Speaking to financial analysts after the company’s release of its strong fourth quarter results, Audet said irrespective of the CRTC’s demand for a report on providing more choice to the consumer (as the Commission has demanded as part of its Vertical Integration Policy), the overall video market will push cable in that direction.

“It’s not about the CRTC, it’s about consumer preferences and consumers are increasingly asking for the ability to make choices of what they want to see and not what they don’t want to see and that’s a legitimate aspiration,” he explained. “The cable industry has not been able to fulfill that desire up to this point in time except in very moderate terms because the economics didn’t work.”

For years, cable was limited by analog technology and clunky, expensive (often home-made) back-office systems that made providing real choice to consumers all but impossible, from a cost standpoint. This led to the creation of large tiers of channels where if a viewer wanted to subscribe to W, for example, also had to take 10 or more other channels. Not optimum for the viewer, but good for the distributors – and especially for the other nine channels in the package which normally wouldn’t have been selected by that customer.

However, as over three-quarters of cable subscribers take digital over analog, as the technology costs drop, and as consumers demand the same level of choice from their cable provider as they can get online, “we may now entertain offering smaller packages,” said Audet. “I don’t mean next month, but we may, in the foreseeable future, start thinking about those smaller packages.”

While those who wish to remain in their existing packages will be grandfathered (volume-pricing is an advantage for consumers, of course, and more choice via smaller packages or a-la-carte could well mean higher costs), it just isn’t fair to make, for example, the non-sports fan pay for ever-increasing sports rights.

“Some categories, such as sports, are likely to increase (in cost) more dramatically and the day when you can have all customers pay for huge increases in sports when they’re not watching it… that’s unsustainable,” Audet explained. “Eventually, you want to be able to put the sports in one or a few packages and you’ll want to put something else in other thematic packs so that people are able to not be hit with huge rate increases that are related to content they’re not watching.”

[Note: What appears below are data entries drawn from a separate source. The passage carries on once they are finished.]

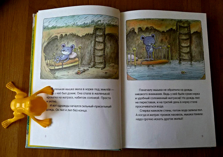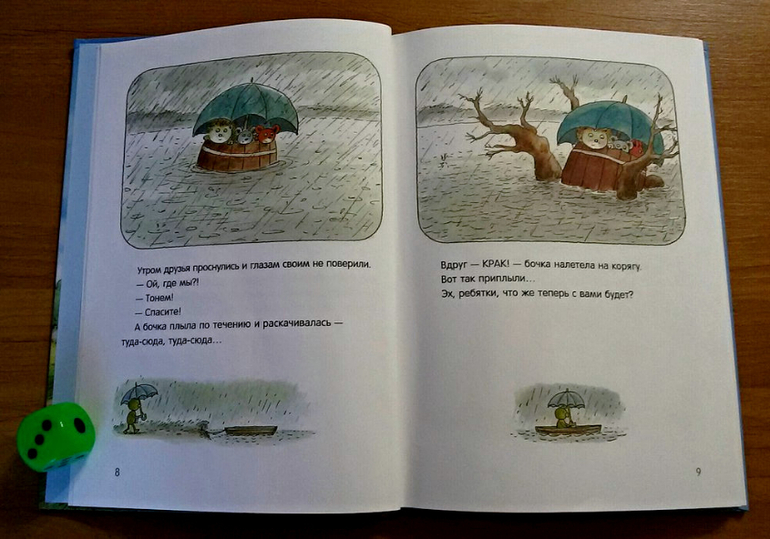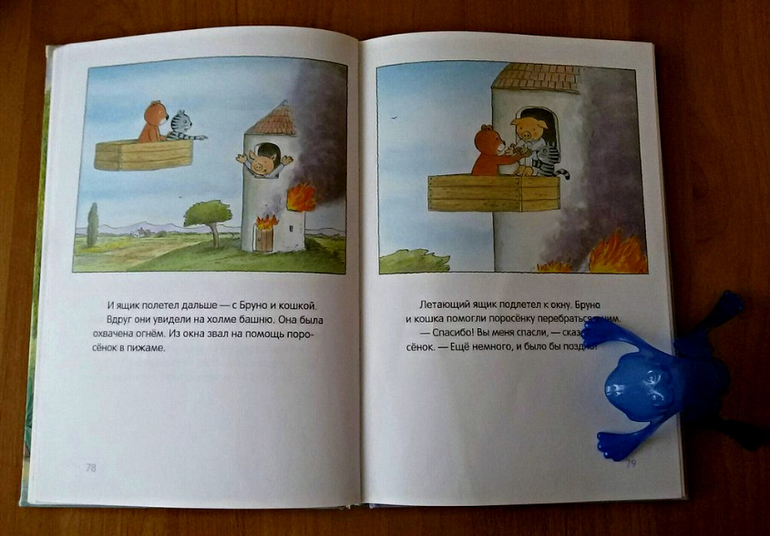 Книгу мы начали читать с двухлетним сыном, обычно перед дневным сном. Он хорошо слушал по одной истории в день. Ему очень нравилось, когда я задавала различные вопросы, на которые он мог ответить, гладя на картинку или просто показав пальчиком.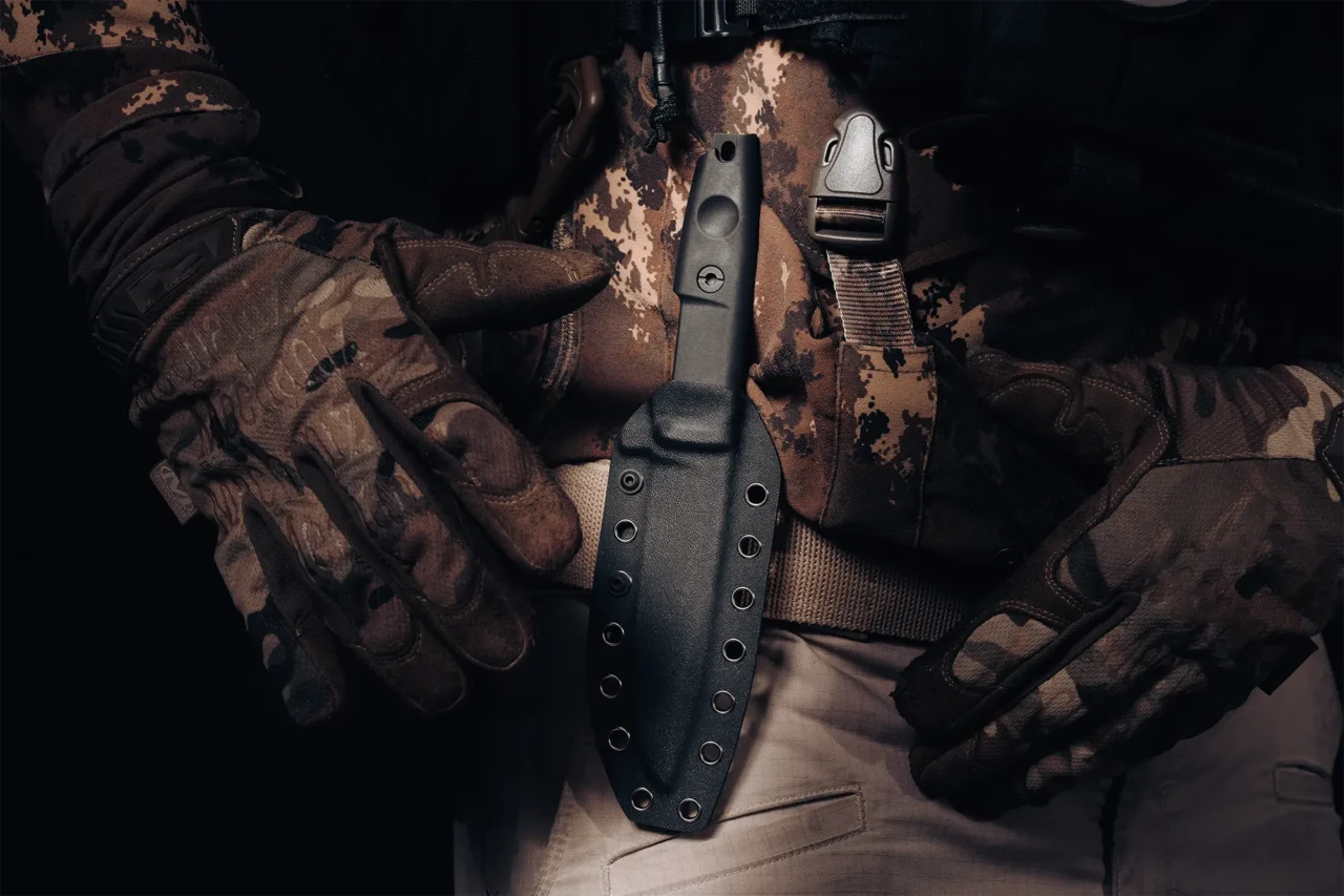 - Kydex Sheath: with adjustable textile extension for belt carry and paracord for thigh carry configuration.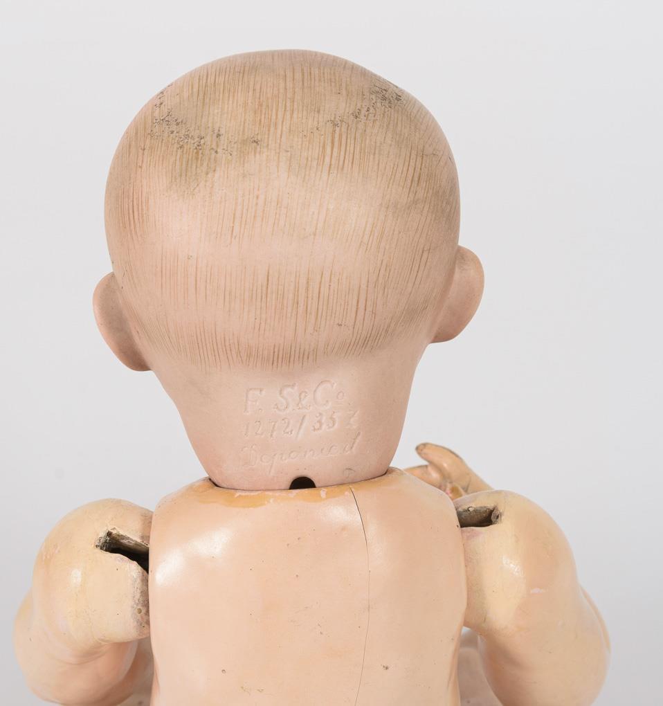 Vollkopf, offene Nasenlöcher, anmodellierte Zähnchen. 5-teiliger Sitzbabykörper. Unbekleidet. Kopf ohne sichtbare Defekte, Augen fehlen. Körper partiell übermalt, Finger bestoßen.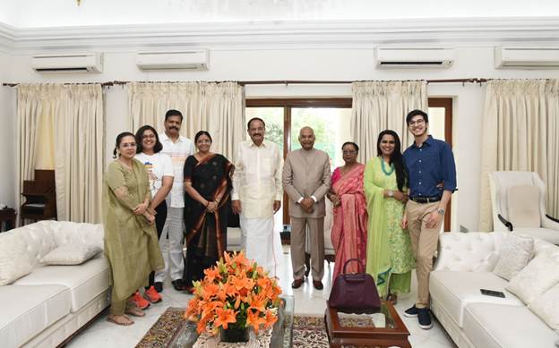 नई दिल्ली, 24जुलाई। उपराष्ट्रपति एम. वेंकैया नायडू ने शनिवार को नई दिल्ली में उप-राष्ट्रपति निवास में राष्ट्रपति राम नाथ कोविंद और उनके परिवार के सदस्यों की दोपहर के भोजन में मेजबानी की।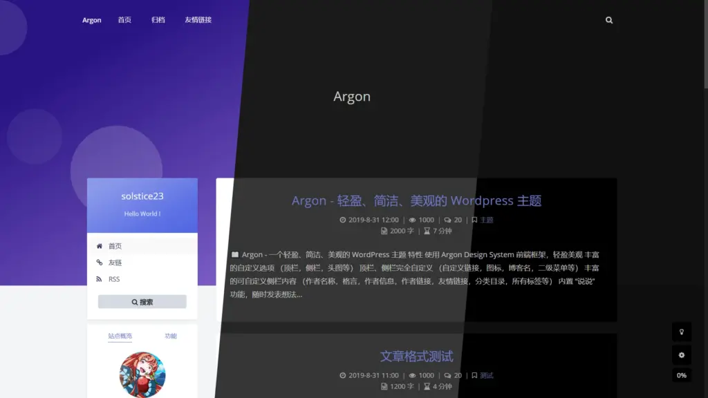 Argon - 一个轻盈、简介、美观的 WordPress & Hexo 主题

Audet acknowledged such changes may stagger some broadcasters, who are used to being packaged in large, well-penetrated tiers (Ed note: And often have such caveats written into their contracts), but they must ready themselves for the new realities.

The truth about the future of our industry is that this is no longer possible,” he said. “I know people have difficulty understanding that but… there has to be more flexibility, there has to be smaller packages so that consumers can make a choice, not only that there are competitors out there, there are over the top competitors so you want to me able to manoeuvre to repel these competitors as best you can.”